I am trying to get daily average values from an irregular time series from a csv file.
Data in the csv file starts at 13:00 on September 20, 2013 and lasts until 10:57 on January 14, 2014:
Time Values
20/09/2013 13:00 5.133540
20/09/2013 13:01 5.144993
20/09/2013 13:02 5.158208
20/09/2013 13:03 5.170542
20/09/2013 13:04 5.167899 20/09/2013 13:25 5.168780
20/09/2013 13:26 5.179351
...
I import them using
import pandas as pd
data = pd.read_csv('<file name>', parse_dates={'Timestamp':'Time']},index_col='Timestamp')
The result is
Values
Timestamp
2013-09-20 13:00:00 5.133540
2013-09-20 13:01:00 5.144993
2013-09-20 13:02:00 5.158208
2013-09-20 13:03:00 5.170542
2013-09-20 13:04:00 5.167899
2013-09-20 13:25:00 5.168780
2013-09-20 13:26:00 5.179351
...
And then I do
dataDailyAv = data.resample('D', how = 'mean')
The result is
Values
Timestamp
2013-01-10 8.623744
2013-01-11 NaN
2013-01-12 NaN
2013-01-13 NaN
2013-01-14 NaN
...
In other words, the result contains dates that are not displayed in the source data, and for some of these dates (for example, January 10, 2013), a value even appears.

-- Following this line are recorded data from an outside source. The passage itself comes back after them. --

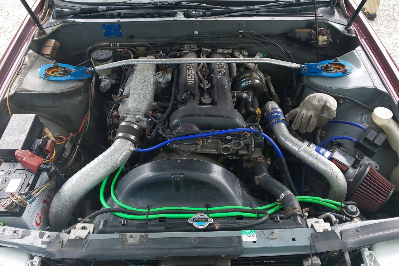 SR20エンジン換装/GT-SSタービン/アペックスエアクリ/社外エキマニ/社外アウトレット/社外マフラー/Z32エアフロ/HKSブーストコントローラー/強化クラッチ/クスコLSD/車高調(F:オーリンズ/R:バディクラブ)/社外アーム類/ロールバー/社外エアロなど
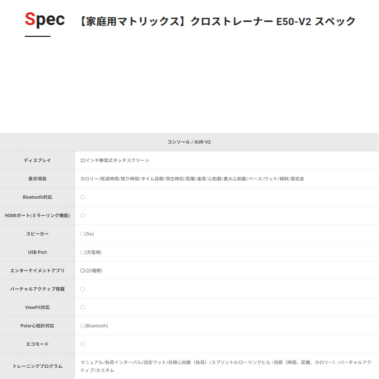 クロストレーナー エリプティカル E50-XUR-V2 MATRIX マトリックス ホライズン ホライゾン 純正マット付 ジョンソン 上級モデル
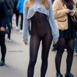胸までパンスト?! ノーパン黒パンストに超短いセーターを着て街を歩いている女性の画像
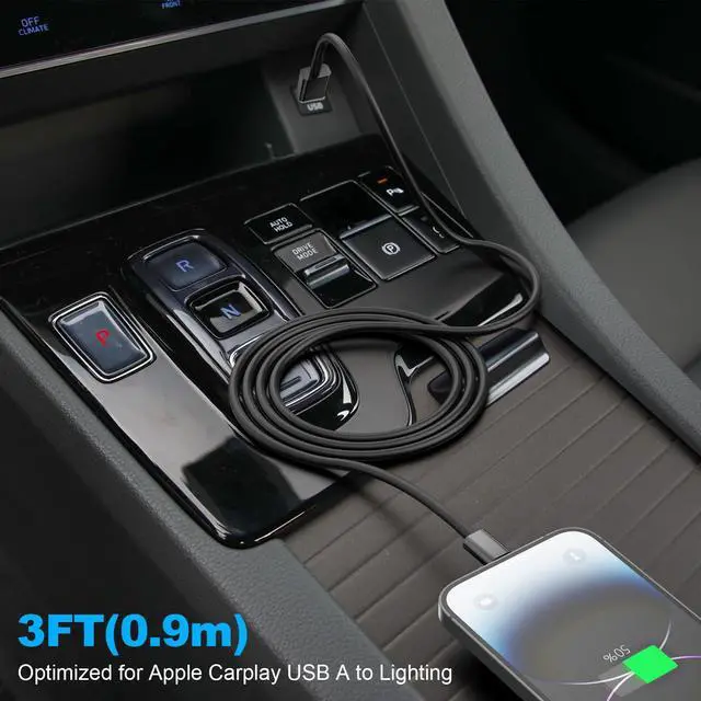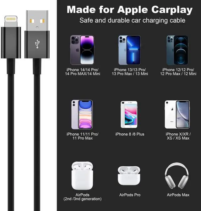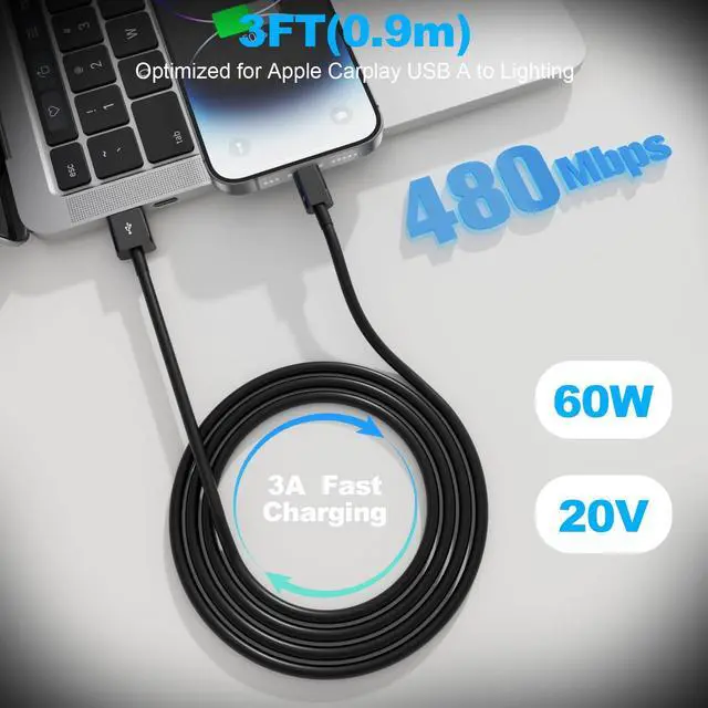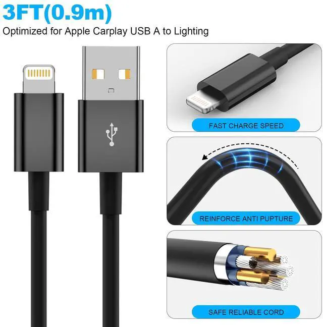 1 pack USB to Lightning car carplay cable Data transmission & charging CableBlack3ft)

Any ideas on what's going wrong?
Thanks.
Edit: Apparently, something went wrong with parsing the date: 10/01/2013 is interpreted as January 10, 2013 instead of October 1, 2013. This can be solved by editing the date format in the csv file, but is there a way to specify the date format in read_csv?